Sears, Roebuck & Co. yesterday launched one of corporate America's biggest job cutbacks in recent years, announcing that it will slash about 21,000 office and receiving room positions at its stores across the United States.

Sears, by some measures the nation's biggest merchant, said in November that beginning this month it would dismiss or reassign thousands of the non-sales employees at its 863 U.S. stores to streamline operations. Until yesterday, however, there was no official word of how many thousands of jobs would be cut by the slumping company, only estimates that the total would fall below 20,000. The cuts are to be completed by midyear.

The 21,000 hourly and management jobs being eliminated consist of 3,500 full-time and 17,500 part-time positions, or nearly 7 percent of the company's retailing work force. Sears's big financial services subsidiaries, Allstate Insurance and the Dean Witter securities company, were not affected.

Gordon L. Jones, a spokesman at Sears's headquarters in Chicago, said the company did not know how many of the 21,000 job cuts would come through dismissals or how many of the affected workers could be transferred into sales jobs or positions that become available at new stores.
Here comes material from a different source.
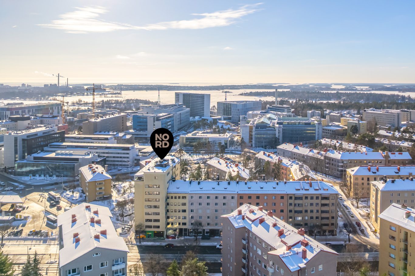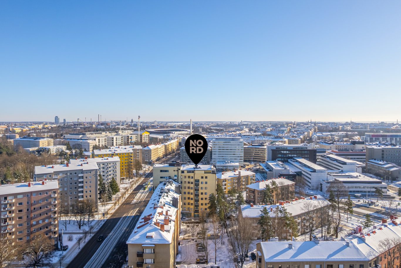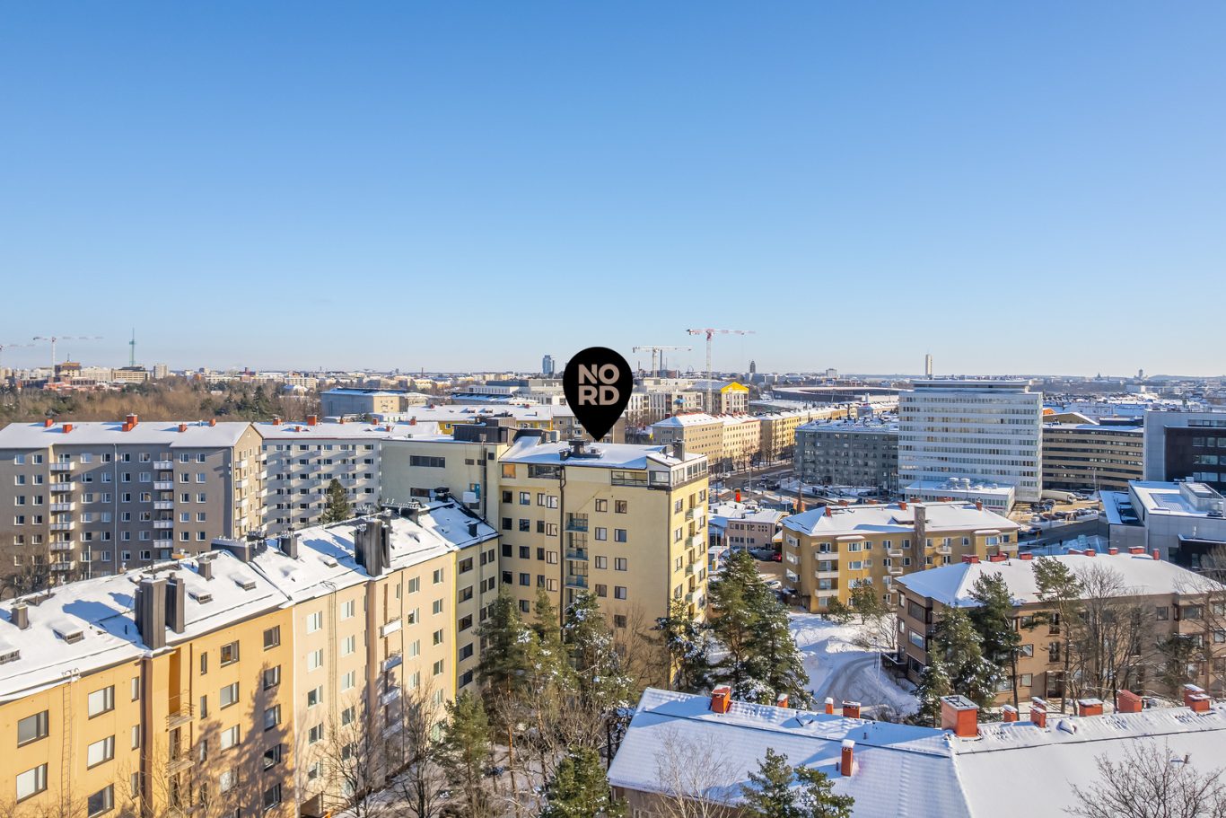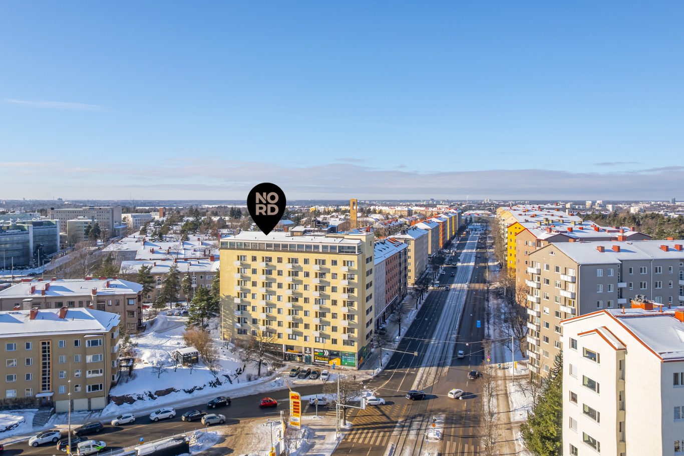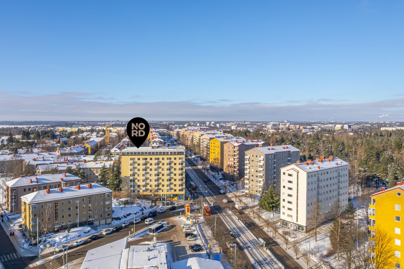 Täällä asuessasi pääset tottumaan arjen helppouteen! Erinomainen ravintolatarjonta ja palvelut aivan vieressä. Keskuspuiston ulkoilumaastot ja merenranta lähellä. Erinomaiset kulkuyhteydet ratikalla ja busseilla heti kotiovelta, Helsingn ydinkeskustaan sujuva matka. Kaikki tämä ja hyvin hoidettu taloyhtiö, jossa asumiseen ja talouteen vaikuttava suuri linjasaneeraus hoidettu tällä vuosikymmenellä!

Sears will have openings later this year in Burbank, Calif., for example, when it opens a new store there.

Sears officials, without giving specifics, said the cuts will help boost the company's sagging profits, which have been hit hard by the overall slowdown in U.S. retailing and Sears's own image problems.
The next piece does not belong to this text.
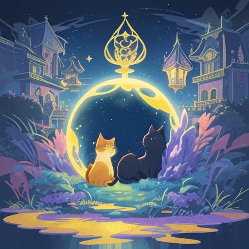 This enchanting DVD cover design transports viewers to a mystical world of cats, where fantastical landscapes and magical creatures come alive in a vibrant, dreamlike setting, reminiscent of Studio Ghibli's imaginative style.

In the third quarter -- despite earlier job cuts and cost-cutting efforts -- the company's profit fell 30 percent to $179.2 million on sales that rose 5.9 percent to $13.96 billion.

Analysts were skeptical. "It is certainly a step in the right direction, but it's not enough," said Kurt Barnard, publisher of the Retail Marketing Report.

Edward Weller, an analyst with Montgomery Securities, said the cutback was a tragedy for the workers involved, but long overdue for the company itself.

Barnard noted that Sears's operating costs, including payroll and administrative expenses, are believed to be the highest among major U.S. retailers. He also said Sears's key problem is that it has been unable to find a way to bring enough customers back to its stores.